■ Problem to solve ■
Range to repeat from the listing below: the line containing "PDF.七年级语文期末模拟卷01(参考答案及评分标准)(统编版)" down to the line containing "This paper utilizes", both included. Copy it exactly, pictures excluded, and add nothing else.

■ Provided data ■
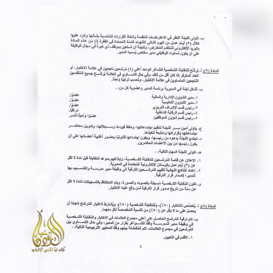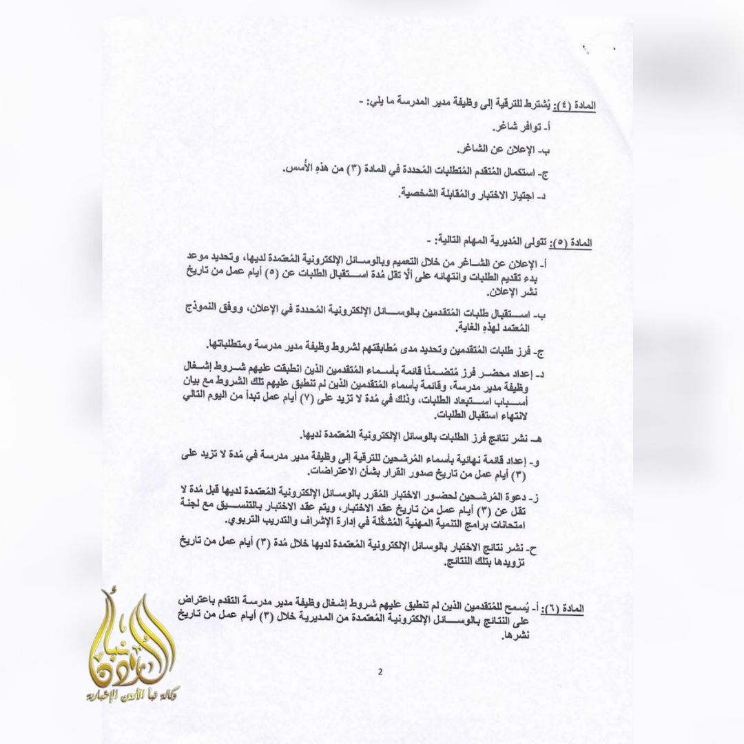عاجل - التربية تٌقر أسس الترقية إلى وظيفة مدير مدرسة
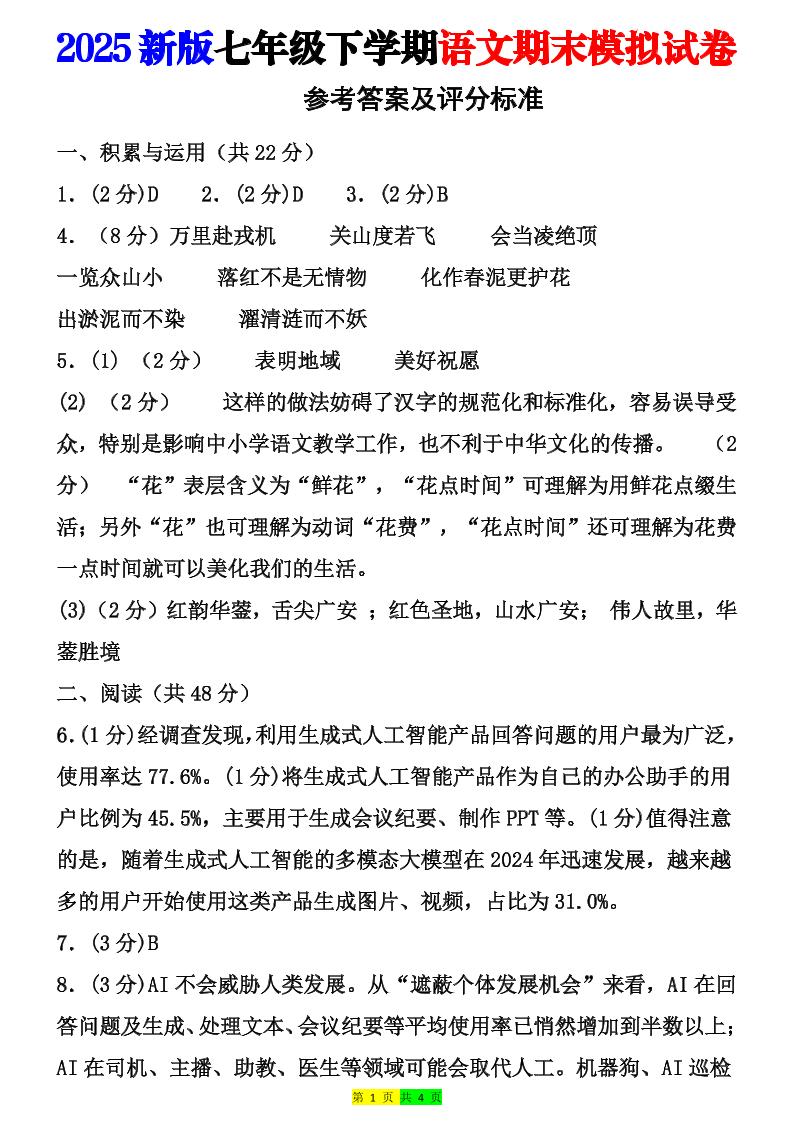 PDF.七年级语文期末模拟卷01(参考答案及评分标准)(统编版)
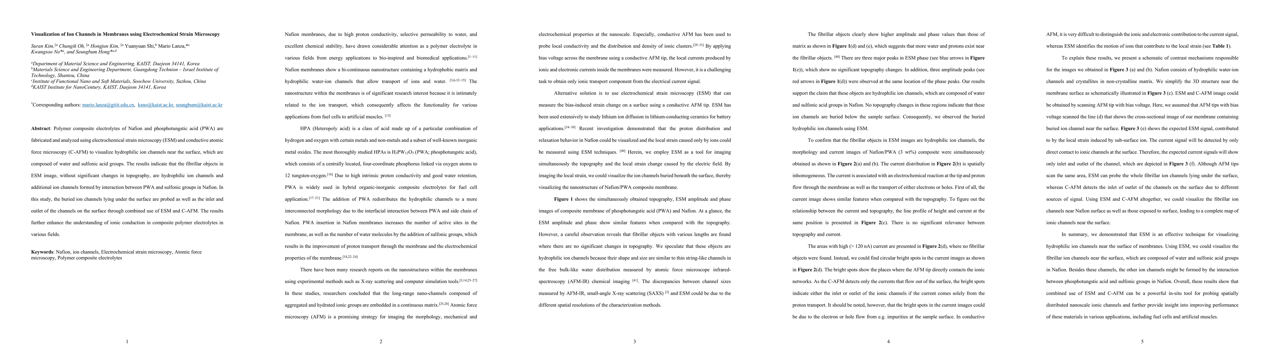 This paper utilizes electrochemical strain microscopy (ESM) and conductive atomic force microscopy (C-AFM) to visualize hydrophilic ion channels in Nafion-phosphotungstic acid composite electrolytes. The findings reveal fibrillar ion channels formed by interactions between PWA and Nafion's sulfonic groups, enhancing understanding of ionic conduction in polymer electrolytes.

==

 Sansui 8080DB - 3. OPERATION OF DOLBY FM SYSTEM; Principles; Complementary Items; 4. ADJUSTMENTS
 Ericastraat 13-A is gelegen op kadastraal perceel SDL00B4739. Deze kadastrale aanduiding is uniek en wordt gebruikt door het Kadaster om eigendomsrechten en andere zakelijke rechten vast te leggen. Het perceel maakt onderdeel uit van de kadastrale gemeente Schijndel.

* * *

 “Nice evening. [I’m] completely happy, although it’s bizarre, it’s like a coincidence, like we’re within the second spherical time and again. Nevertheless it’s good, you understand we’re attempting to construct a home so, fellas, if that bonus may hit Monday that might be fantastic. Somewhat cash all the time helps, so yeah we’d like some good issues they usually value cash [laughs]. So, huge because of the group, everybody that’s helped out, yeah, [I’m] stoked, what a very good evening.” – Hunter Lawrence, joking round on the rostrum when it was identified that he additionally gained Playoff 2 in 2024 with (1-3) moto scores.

■ Response for this exercise ■
 PDF.七年级语文期末模拟卷01(参考答案及评分标准)(统编版)
 This paper utilizes electrochemical strain microscopy (ESM) and conductive atomic force microscopy (C-AFM) to visualize hydrophilic ion channels in Nafion-phosphotungstic acid composite electrolytes. The findings reveal fibrillar ion channels formed by interactions between PWA and Nafion's sulfonic groups, enhancing understanding of ionic conduction in polymer electrolytes.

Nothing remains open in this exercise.